I wouldn't do it because the users that are updating their ETLs from some old vocabulary versions will just lose the concepts that appear it their mappings. I would never do it for the "service" small vocabularies.
hmm... have we mapped old type concepts over to the new ones? If so, it would make sense to keep them. but otherwise aren't they simply useless now and all non-standard?
I didn't get the logic behind. How the gender is more important than the race? And why Sponsor is better than a Geography? We need to come up with the clear rules.
Well, this is derived a little from how it was before. Gender is really indispensable, whereas Race & Ethnicity is, as we know, US centric... and they are still marked as default, so most people will keep them in their download. They just have a choice to deselect.
There was also the notion to mark more vocabularies as default that have standard concepts
Don't think it's a great choice before we cleaned up the EAV data. Otherwise, people will start map to UKB, PPI and NAACCR. And it's already the case.
Of course we would not follow that notion blindly and hence the above are not marked as default. But you cannot prevent people from selecting them for download, unless we would make them something like license restricted (only not license but something else).
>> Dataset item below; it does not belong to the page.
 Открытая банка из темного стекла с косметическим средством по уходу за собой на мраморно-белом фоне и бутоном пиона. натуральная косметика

The original intent of the discussion was to promote transparency and flexibility in vocabulary download. As it stands, vocabularies that are not listed or selected are included in the download, so for transparency, they should be listed and selected by default. For flexibility the user can have the option to unselect vocabularies. I'm not sure what benefit preventing a user from unselecting a vocabulary would provide, if you reject defaults you should be doing so for a well understood reason. Perhaps a warning on the page that says 'Default vocabularies are selected to provide important concepts to most ETL processes, remove them from the selected vocabularies at your own risk.' :)
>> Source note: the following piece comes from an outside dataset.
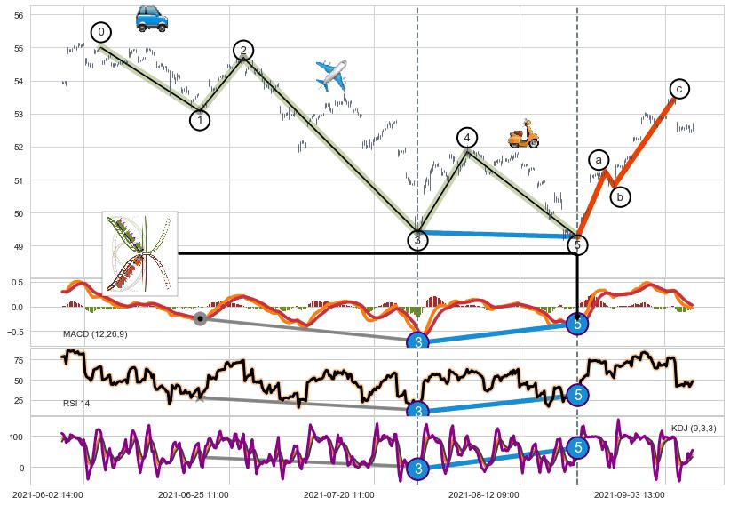 ➢ 波浪理论:猜想击穿突破c点后继续上涨 → 上涨 → 机会信号 → 小趋势跟踪

@cgreich has an even stricter view on this. I think he used the word "dogmatic". Let's hear him out. (Christian, one exception to the rule should be vocabularies that have standard items but are also license restricted such as CDT or ISBT).
I think Patrick echoed my concern on transparency here: https://forums.ohdsi.org/t/osm-vocabulary/16303/11
Are we debating here or there?
We are discussing the changes to be made as part of this issue here, informed by the conversation there. I don't think there is any debate regarding the need for transparency of vocabularies that are included in a download. I imagine the remaining debate is whether or not to provide the user the ability to control whether not 'default' vocabularies are included. My vote is that the user is provide control with a stern warning about why defaults should be left as is.
@fdefalco:
Hang on a sec. Right now, the thinking is we have three categories (not two):
- Default. This is what everybody always has to have, since it is part of the OMOP CDM. These are the standard and classification concepts. Not vocabularies.
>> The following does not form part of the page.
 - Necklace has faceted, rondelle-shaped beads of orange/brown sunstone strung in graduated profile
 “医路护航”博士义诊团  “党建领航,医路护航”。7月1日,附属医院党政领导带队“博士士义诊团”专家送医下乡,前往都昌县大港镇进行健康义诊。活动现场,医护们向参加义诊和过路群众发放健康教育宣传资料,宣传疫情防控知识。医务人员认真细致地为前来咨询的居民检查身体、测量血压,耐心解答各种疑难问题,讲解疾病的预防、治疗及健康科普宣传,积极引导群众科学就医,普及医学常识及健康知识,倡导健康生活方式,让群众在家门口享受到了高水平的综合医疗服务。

- Recommended. These are vocabularies (beyond their standard concepts) which are pre-clicked, but can be unclicked. The problem is what they are. It strongly depends on the geography of the data source what should be recommended. In the US, NDC would be recommended (only the devices are standard, until we figure that out), but, say, in France NDC is a huge corpus of useless concepts.
- Rest. These are the vocabularies that are not recommended. They are no checked, but could be clicked.
The proprietary vocabularies are in the Rest category, since they need to be individually clicked and processed anyway.
We will have to change Athena to always include all standard concepts (easy), and create different sets of recommended vocabularies (North America, Europe, Rest of World maybe). Not a big deal, but will require some work.